**ACTIVITY**
Below are records; from the line containing "In SMART Mobile, the" through the very last line, output each line exactly. No pictures.
-------------------------
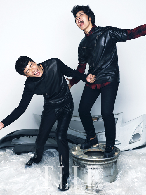 여진구가 쓴 레더 모자는 Gucci, 레더 재킷은 Sandro Homme, 프린트 셔츠는 Dr. Martens, 티셔츠는 Diesel, 블랙 팬츠는 Vandalist, 슈즈는 Gucci, 링은 Justin Davis. 이민기가 입은 화이트 메시 톱과 캐시미어 롱 카디건, 퍼 라인드 바이커 재킷은 모두 Burberry Prorsum, 블랙 팬츠는 Juun. J, 레더 하이톱 슈즈는 Dior.
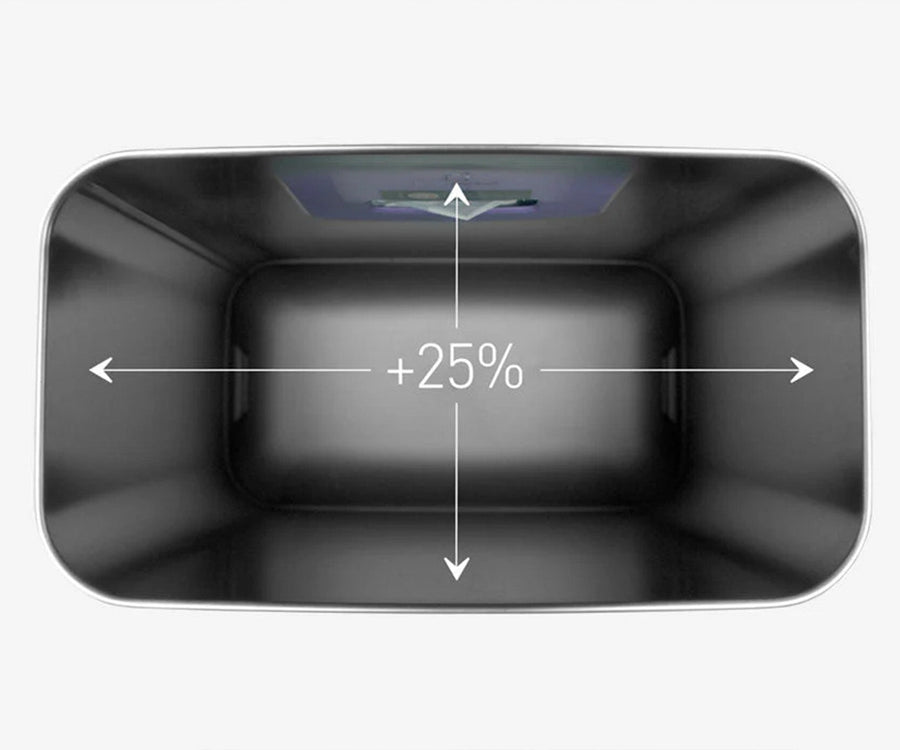 Der Beutel-Klemmrand hält den Müllbeutel an seinem Platz, so dass ein Inneneimer nicht mehr benötigt wird. Altmodische Eimer sind sperrig, unhandlich und eine große Platzverschwendung im Abfalleimer - jetzt gibt es 25 % mehr Platz für Abfälle! Der Innenraum wurde mit abgerundeten Ecken und glatten, abwischbaren Oberflächen für eine einfache Reinigung entworfen.
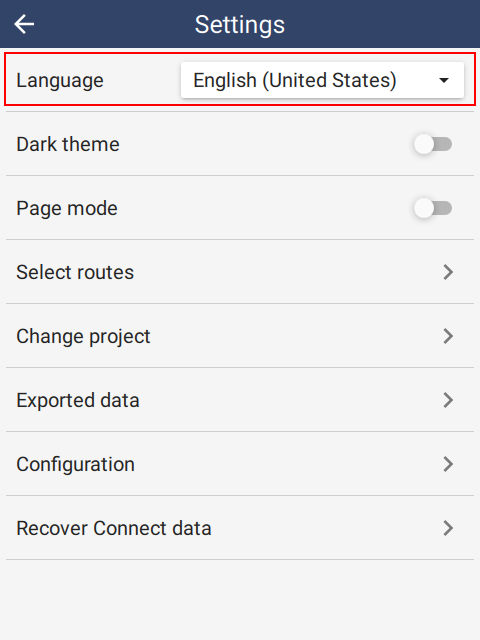 In SMART Mobile, the current language can be selected from the available languages in the Conservation Area.
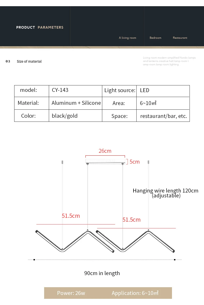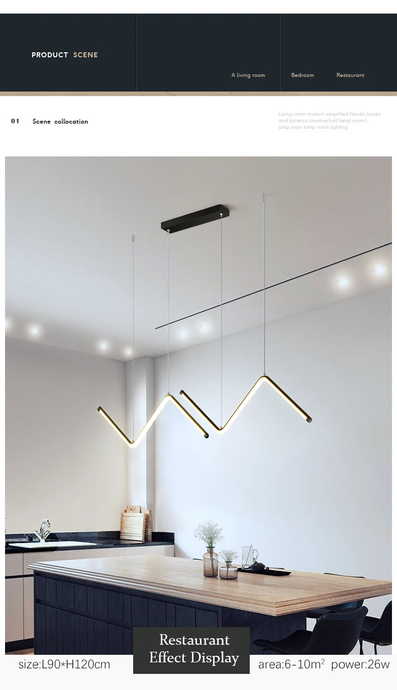 Современная люстра светодиодный светодиодная подвесная проволока, Черное золото, подвесные лампы, трубчатые лампы для ресторана, кухни, офиса, спальни, декоративные светильники для помещений
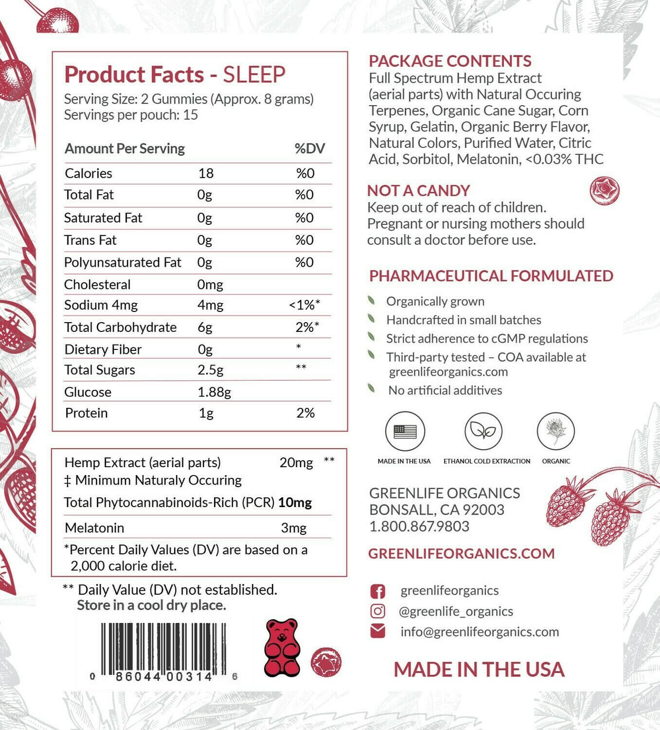 Greenlife Organics Sleep Full Spectrum CBD and Melatonin Infused Gummies
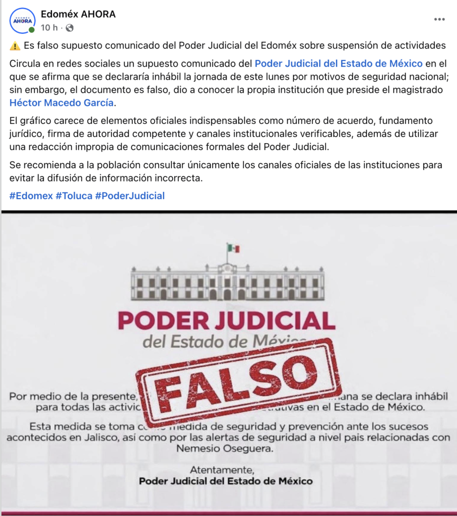 Circula en redes sociales un supuesto comunicado del Poder Judicial del Estado de México en el que se afirma que se declararía inhábil la jornada de este lunes por motivos de seguridad nacional; sin embargo, el documento es falso, dio a conocer la propia institución que preside el magistrado Héctor Macedo García.
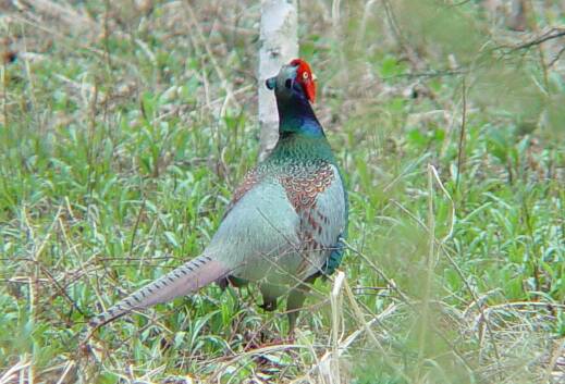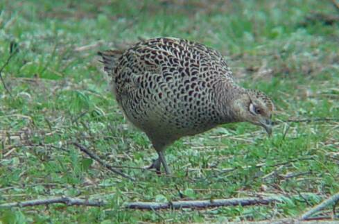| ○艶っぽいキジ ホタルの里と周辺の森との境界付近の草原ではキジをよく見かけます。 普段何気なく見ているのと違って、カメラを通して見たキジはとってもきれいでした。羽には艶があり、りっぱな体格をして、堂々と餌をついばんでいました。オスの赤い肉だれは、春が一番立派だそうです。 メスもどうして、派手さはないけれど艶やかです。 このオスは2羽のメスを引き連れていました。キジは一夫多妻かもしれません。そもそも軽井沢ではオスが少ないそうです。軽井沢には狩猟が認められている場所があり、オスに限り獲ってよいのがその理由らしいです。 ところで、キジの習性に関することで、すごく印象に残った体験があります。 私が小学生の頃、父親が付近の草原で草刈をしていたときのことです。キジのメスがそこで卵を抱いていて、そのすぐそばまで草を刈ったのにメスは逃げずに卵を抱きつづけていたのです。あやうくそのメスを刈ってしまうところでした。 そのあと私はそのメスのすぐ近くで(おそらく1メートルぐらい離れた場所で)メスが卵を抱く姿をじっと眺めていました。いっこうに逃げようとしませんでした。 キジの母性本能ってすごいですね! |
-------------------------
**RESPONSE TO THIS EXERCISE**
 In SMART Mobile, the current language can be selected from the available languages in the Conservation Area.
 Современная люстра светодиодный светодиодная подвесная проволока, Черное золото, подвесные лампы, трубчатые лампы для ресторана, кухни, офиса, спальни, декоративные светильники для помещений
 Greenlife Organics Sleep Full Spectrum CBD and Melatonin Infused Gummies
 Circula en redes sociales un supuesto comunicado del Poder Judicial del Estado de México en el que se afirma que se declararía inhábil la jornada de este lunes por motivos de seguridad nacional; sin embargo, el documento es falso, dio a conocer la propia institución que preside el magistrado Héctor Macedo García.
| ○艶っぽいキジ ホタルの里と周辺の森との境界付近の草原ではキジをよく見かけます。 普段何気なく見ているのと違って、カメラを通して見たキジはとってもきれいでした。羽には艶があり、りっぱな体格をして、堂々と餌をついばんでいました。オスの赤い肉だれは、春が一番立派だそうです。 メスもどうして、派手さはないけれど艶やかです。 このオスは2羽のメスを引き連れていました。キジは一夫多妻かもしれません。そもそも軽井沢ではオスが少ないそうです。軽井沢には狩猟が認められている場所があり、オスに限り獲ってよいのがその理由らしいです。 ところで、キジの習性に関することで、すごく印象に残った体験があります。 私が小学生の頃、父親が付近の草原で草刈をしていたときのことです。キジのメスがそこで卵を抱いていて、そのすぐそばまで草を刈ったのにメスは逃げずに卵を抱きつづけていたのです。あやうくそのメスを刈ってしまうところでした。 そのあと私はそのメスのすぐ近くで(おそらく1メートルぐらい離れた場所で)メスが卵を抱く姿をじっと眺めていました。いっこうに逃げようとしませんでした。 キジの母性本能ってすごいですね! |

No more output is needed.